ABOUT THIS EXERCISE »
Pictures excluded, return the lines below from the first through the line holding "इस्राइल-फलस्तीन के बीच".

SUPPLIED INFORMATION »

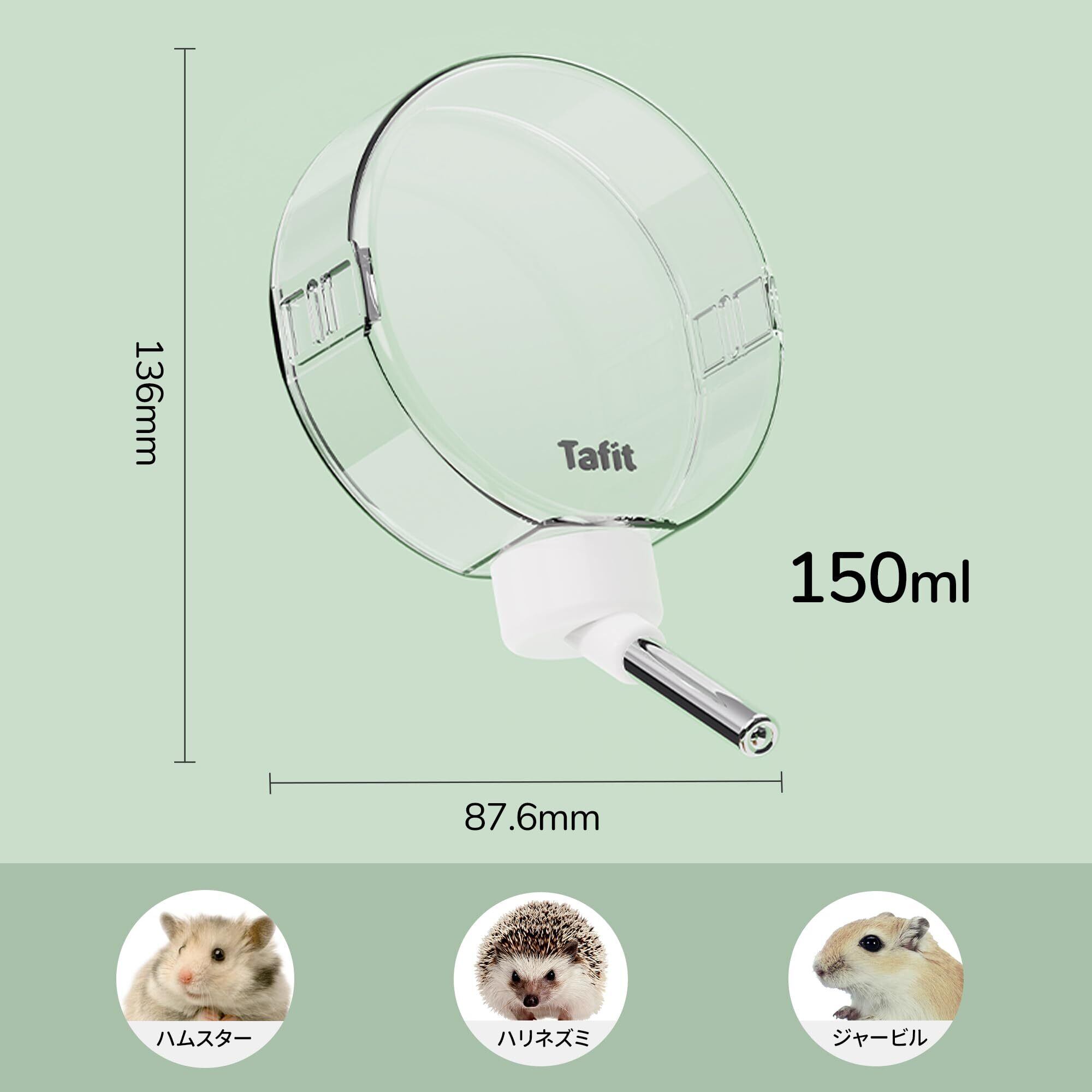 Tafit バブルウォーターボトル ハムスター 水飲み ペット 水漏れ防止 自動給水器 ウサギ ジャービル モルモット チンチラ 小動物用 150ml (ステンレス鋼ノズル)
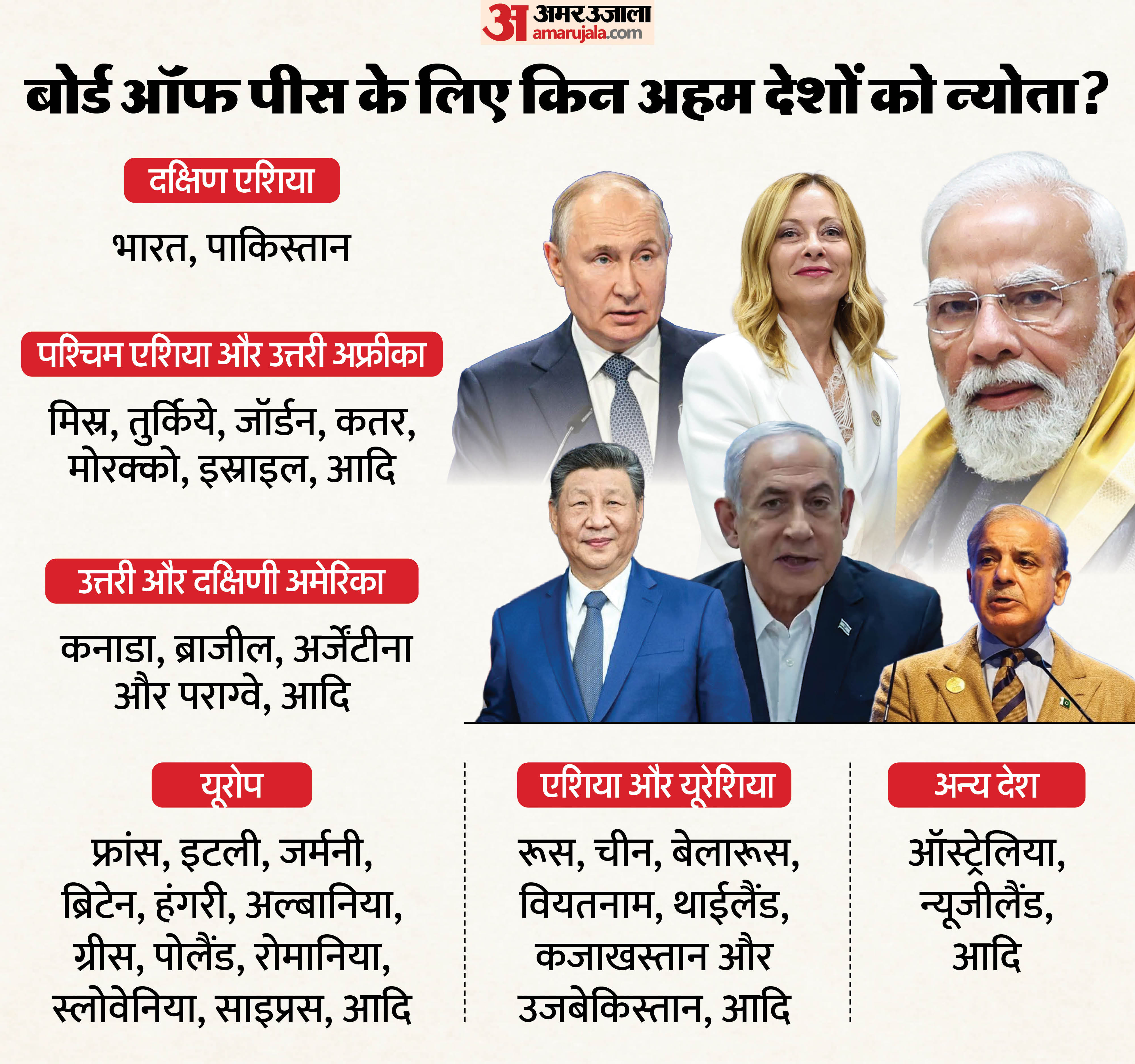 इस्राइल-फलस्तीन के बीच स्थायी शांति लाने के लिए अमेरिका अलग-अलग देशों के नेताओं को 'गाजा बोर्ड ऑफ पीस' में शामिल न्योता भेजा जा रहा है। इनमें वह देश भी शामिल हैं, जो पारंपरिक तौर पर या तो कूटनीतिक मामलों में तटस्थ रहे हैं या फिर दूसरे देशों में दखल की रणनीति का विरोध कर चुके हैं।
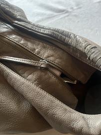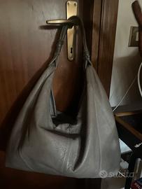 Shopper bag in pelle morbidissima griga con doppia tracolla molto originale.
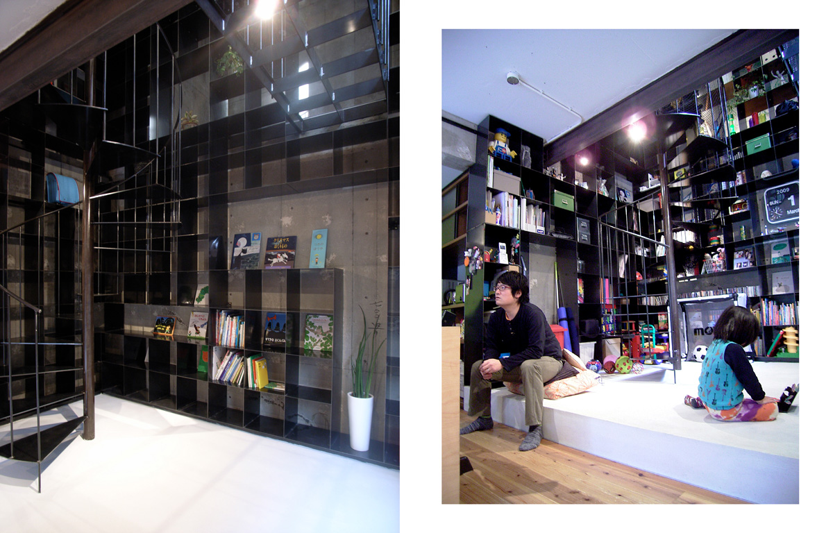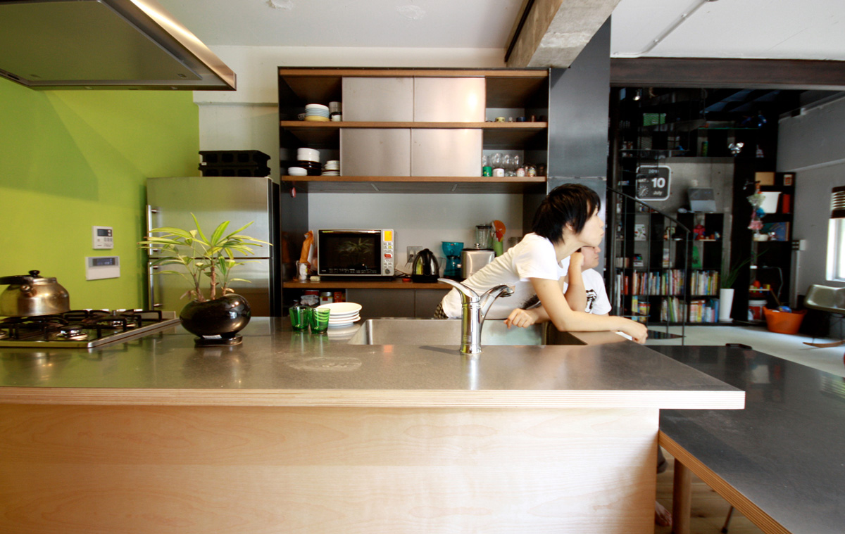 とご提案させていただきました。オープンな収納棚は2.3oの薄い鉄板で製作しています。

EXERCISE OUTPUT »
 Tafit バブルウォーターボトル ハムスター 水飲み ペット 水漏れ防止 自動給水器 ウサギ ジャービル モルモット チンチラ 小動物用 150ml (ステンレス鋼ノズル)
 इस्राइल-फलस्तीन के बीच स्थायी शांति लाने के लिए अमेरिका अलग-अलग देशों के नेताओं को 'गाजा बोर्ड ऑफ पीस' में शामिल न्योता भेजा जा रहा है। इनमें वह देश भी शामिल हैं, जो पारंपरिक तौर पर या तो कूटनीतिक मामलों में तटस्थ रहे हैं या फिर दूसरे देशों में दखल की रणनीति का विरोध कर चुके हैं।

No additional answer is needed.